Hoffnung kommt aus Bolivien.
BETTLER AUF GOLDENEM THRON

Ein Theaterstück

 


Was können wir von den Bolivianern lernen?

Das Ziel: „Vivir bien“ - gut leben, in Würde leben ohne Raubbau an der Natur. In unserem neuesten Stück zeichnen wir den langen Weg Boliviens aus Unterdrückung und Ausbeutung nach, mit seinen Widersprüchen, Rückschlägen, Erfolgen, und seinem langen Atem im politischen Kampf. Gründlich recherchiert, rasant inszeniert mit Musik, Humor und starken Bildern.

Hintergrund
Soziale Proteste erschüttern seit Jahren das politische Leben Lateinamerikas.
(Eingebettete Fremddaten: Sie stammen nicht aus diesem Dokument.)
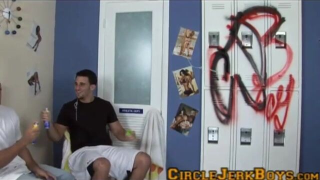This week we have a free for all in the studio. The Hialeah Hotties are back and this time we have Matéo Grande, Johnny Vino and Marcus Guitaro. For those of you unfamiliar with the 'Hialeah Hotties', they all, and by all we mean we lost count, went to high school together and have recently graduated. Hide your poodles and your daughters; cuz soon these man whores will be taking their gang bang tactics to college. If that's not a set up for a 'Boys gone-WHAT!?' feature length movie, we don't know what is! Infamous for their tall tales, Marcus starts telling us about his latest 'adventure'. He was up in Gainesville and loving all the white girls up there. He ended up at a club, where oddly enough 'Girls gone Wild' was at and they ended up grabbin' asses all night and his friend ended up fingering some of the entertainment-SECURITY! Johnny's story is a little different. By different, we mean plausible. (look it up) He recently went to a club with a bud and picked up some chicks. He got the back seat and started the party early with a blowjob and then that turned into a foursome when they did make it to his crib. Matéo, who prides himself on fucking 'whores', went to the Keys to chill with friends. While out boating, he came upon some girls on a raft. He splashed around with them then cock slapped them and gave them each a lap dance. Some girls have all the luck.Left to their own devices, these studs take spray paint to the lockers as they begin taggin' up. Taggin' turns into 2 on 1 as Marcus and Johnny cover Matéo in silly string. After that the boys are left excited and in need of something to wind them down. They clean off and as they do their clothes come off. They pop in porn and as they watch, they continue to strip until they are left in shorts then boxers. They each begin stroking their meat through the cotton containing them and each is popping a tent in no time. The boxers can only contain these 19yo boners for so long as each one of their baby makers finds its way out either through the fly or pulled out by the side. The camera gives us a view from below as these trouble makers tug on their 'disco sticks'. We're sure these sticks have made more than one lady gag(-gah) That's for damn sure! Johnny even made one chick walk home when she wouldn't suck his dick in the back seat. His Parents would be so proud. They lose their boxers and they each get comfortable as they continue stroking their swollen cocks. Matéo is in the middle of the room stroking the biggest meat on campus today.Matéo has the biggest dick but when we asked, the other two weren't that forthcoming with the fuckable facts. Matéo smugly grins and says 'Check out the site for the stats after the video and you'll see it'. Matéo just strokes his thick dick alongside and says his dick will be bigger in any unit of measurement Marcus wants to use. We wouldn't instigate Matéo. Matéo has perfected the art of busting his nut incredibly far and it wouldn't be the first time he's soaked a costar with his baby batter. All these studs are boned and rock hard as they slowly stroke their delicious dicks. They get on their knees and once they do, Marcus keeps insisting his dick is bigger. Big dick = bigger ego. Matéo Grande is 'Grande' for a reason and no matter how Marcus insists he knows he's the one packin'. Johnny is quietly stroking his cock and isn't even going to get into the 'biggest dick' race. Once they turn around to show us the rest, Johnny definitely has the best ass! The bigger is better madness culminates as they each shoot their breeder spooge all over a plate. Johnny unloads first coating the plate with his hefty batch. 'Last one to nut licks the plate!' he grins as the other two pick up the pace. Mateo covers the plate with his own huge load most of which flies past the intended target. Marcus shot last droppin' his nut on the cum covered plate. Fortunately for Marcus, he has dibs on that fresh protein shake!

Der vorerst letzte Aufbruch fand in Bolivien statt. Nicht erst seitdem dort ein Indigener als Staatsoberhaupt in den Regierungspalast eingezogen ist, herrscht in dem Land Skepsis gegenüber den westlichen Vorstellungen von Entwicklung. Zu oft haben diese die Traditionen und Träume der „unterentwickelten“ Völker auf gewaltsame Weise missachtet. Evo Morales sagt: „Es geht darum, gut zu leben, ‘vivir bien’, nicht besser d.h. im Luxus zu leben. Besser leben geht nur auf Kosten Dritter und zum Preis der Umweltzerstörung.“ Also: keine Ausbeutung von Menschen durch Menschen. Und: Leben im Einklang mit der Natur.
Und ist das Konzept des Vivir Bien nicht auch eine Chance für unsere eigene Gesellschaft? Ein auf Konsum ausgerichteter und räuberischer Lebensstil bedroht unser aller Überleben. In dem Sinne will der Titel des Theaterstückes nicht nur sagen: Das arme Bolivien sitzt auf gigantischen Reichtümern (z.B. Lithium), sondern meint auch: Es besitzt geistige Schätze, die es mit uns zu teilen bereit ist: den Spirit der Anden. Papst Franziskus: „Evo, meine Bewunderung. Ich begleite dich mit meinem Segen.“ Es lebe die Lateinamerika-Solidarität!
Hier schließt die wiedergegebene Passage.